In a conversation this weekend I was asked what percent grade is Magnolia Road (from Boulder Canyon to the end of the pavement). Anybody know???


----------



## jrepko (Dec 27, 2004)

*Estimate - 10%*

This might help: http://tinyurl.com/ckuhs. Make sure you have Elevation turned on.

I'm not sure how far the pavement extends, but the part I mapped out shows a gain ove aboout 2100 feet over 4.3 miles, for grade of 10%. gmap-pedometer is a wonder for grade estimation - if I have the route wrong you might do better remapping it.


----------



## fleck (Mar 25, 2005)

jrepko said:


> This might help: http://tinyurl.com/ckuhs. Make sure you have Elevation turned on.
> 
> I'm not sure how far the pavement extends, but the part I mapped out shows a gain ove aboout 2100 feet over 4.3 miles, for grade of 10%. gmap-pedometer is a wonder for grade estimation - if I have the route wrong you might do better remapping it.

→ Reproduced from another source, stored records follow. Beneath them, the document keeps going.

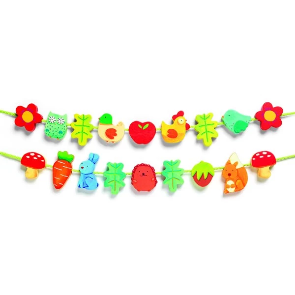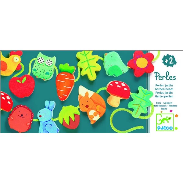 Contenu : 16 perles en bois sur le thème du jardin et 2 cordons.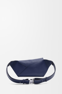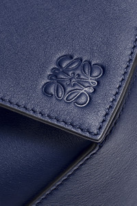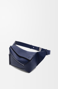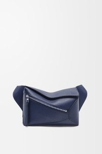 The Puzzle bag is the debut bag for LOEWE by Creative Director Jonathan Anderson. A cuboid shape and precise cutting technique create Puzzle’s distinctive geometric lines. This small bumbag version is crafted in classic calfskin with overlapped edges. - Shoulder or crossbody carry - Adjustable shoulder strap featuring metal clasp closure with engraved LOEWE - Zip closure with calfskin zip pull - External zip pocket and internal slip pocket - Herringbone cotton canvas lining - Embossed Anagram Details - Colour: Abyss Blue - Metallic colour: Palladium - Main material: Classic Calf - Strap length: 88 - 147 cm - Weight: 0.54 kg - Height (cm): 16 - Width (cm): 24 - Depth (cm): 10.5 - Height (inch): 6.3 - Width (inch): 9.4 - Depth (inch): 4.1 - Model ID: B510SEBX02 - CIL: 0011083359 - Made in: Spain
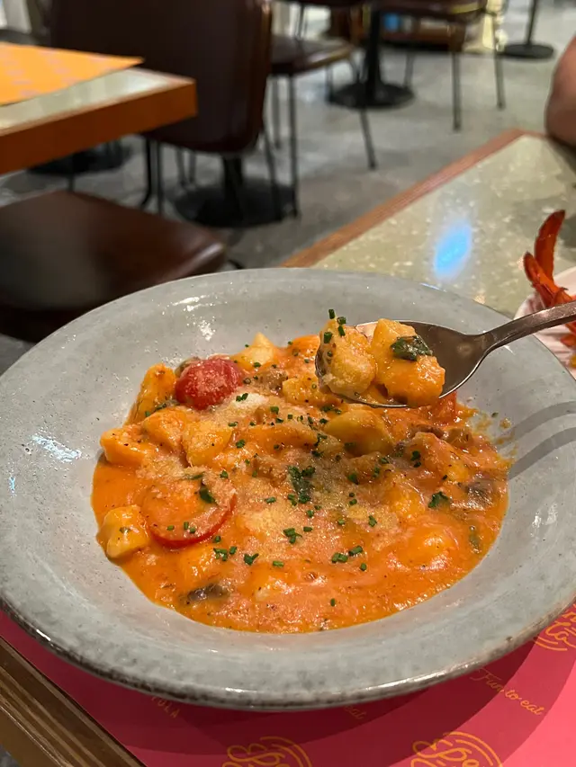 主腳登場🤤♥️就係波士頓🦞意粉🍝🤣🤣先講下個意粉先😍真係岀色🤤口感有咬口加上係手工關係好掛汁🍀🍀意粉既汁👶🏻👼🏻食到LAM LAM莉😆😆🦞肉質煮得吾錯而且容易起殼🍀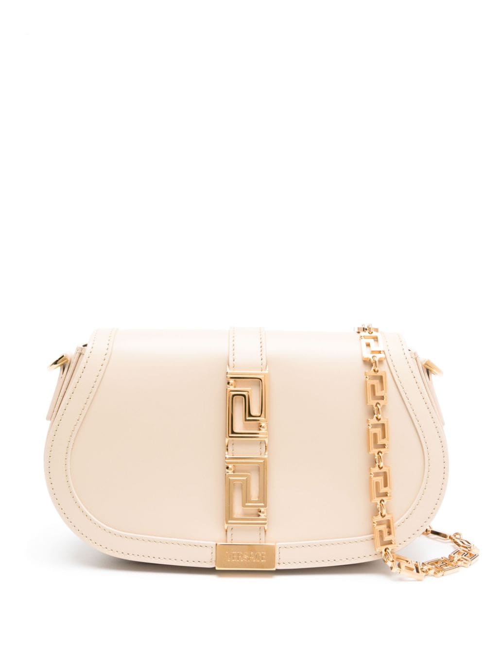 Versace’s blush-beige Greca Goddess shoulder bag is named after the meandering shape of the gold-tone links at the front flap and shoulder strap.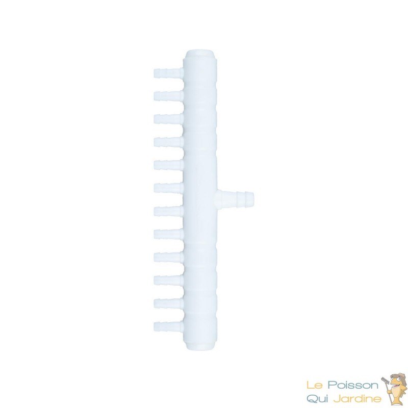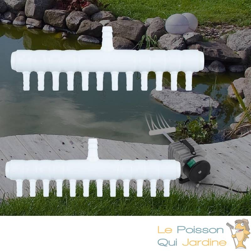 L'utilisation est simple. Il suffit de la brancher au compresseur ou à la pompe à air et ensuite, de " partir " avec du tuyau cristal sur chacune des sorties. Au bout du tuyau, on ajoutera un diffuseurs d'air afin de diffuser les bulles d'air.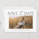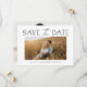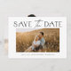 En Elegant Typography Photo Bröllop spara datum med modern skripttyp och enkel layout på framsidan. Baksidan har ytterligare ett foto och detaljer. Klicka på knappen Redigera om du vill anpassa designen.
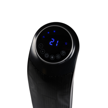 Het moderne zwarte ontwerp van de HI-Tower 2200 Wifi past perfect in elke woonruimte. Het LED-scherm geeft duidelijk de temperatuur en instellingen weer. Met zijn slanke vorm en gemakkelijk verplaatsbare ontwerp is deze kachel zowel stijlvol als functioneel.
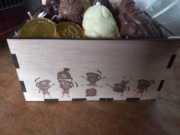 Mooi kistje met Sint en Pieten op de daken . Vooraan boven de dansende Pieten kan dan naam van het kind gelaserd worden.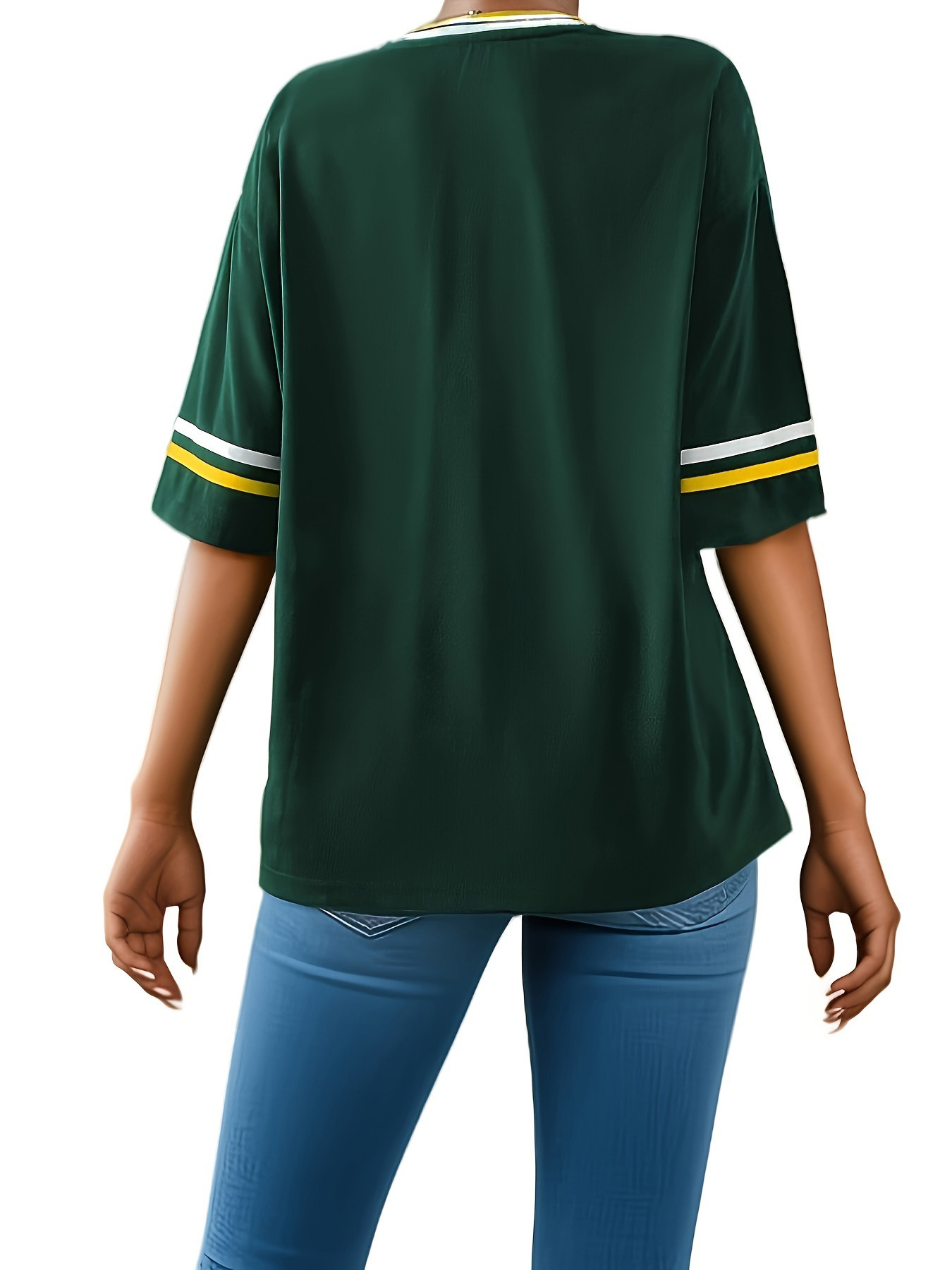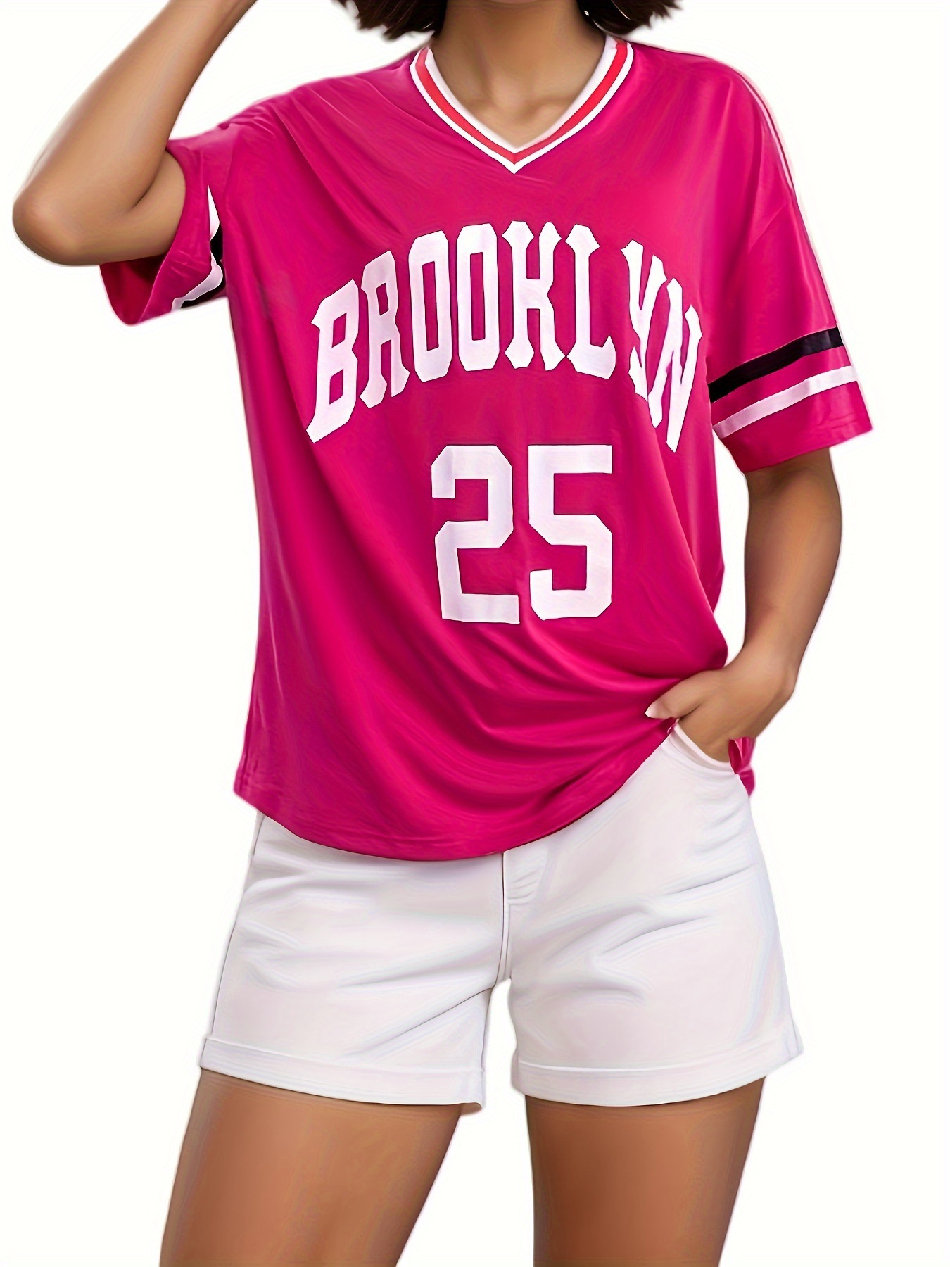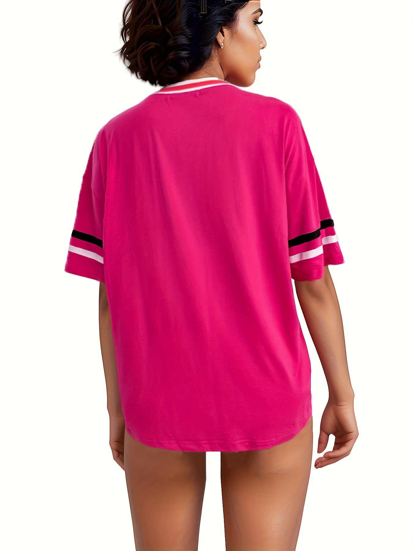 스트라이프 트림 V 넥 리본 반소매 루즈 티셔츠 여성 유럽 및 미국 스포츠 편지 인쇄 최고 국경 상품스토어 가기

thats an average of 10% for the road...
take a look at some info on the race up it...
http://www.boulderracing.com/2005_7_9.asp
17% in the begining is a hell of an icebreaker
that section was really tough. It pretty much determined who was going to be a threat. Some blew up right away never to be seen again. You want the right cassette for that section!


----------



## SlowBikeRacer (Nov 7, 2005)

This site has some good Boulder area Topo maps...
http://www.cyclingevents.com/TopoMaps/TopoBoulderRides.aspx

Looks like the begining of Magnolia Rd. Averages 11%. I know there are pitches more than that!


----------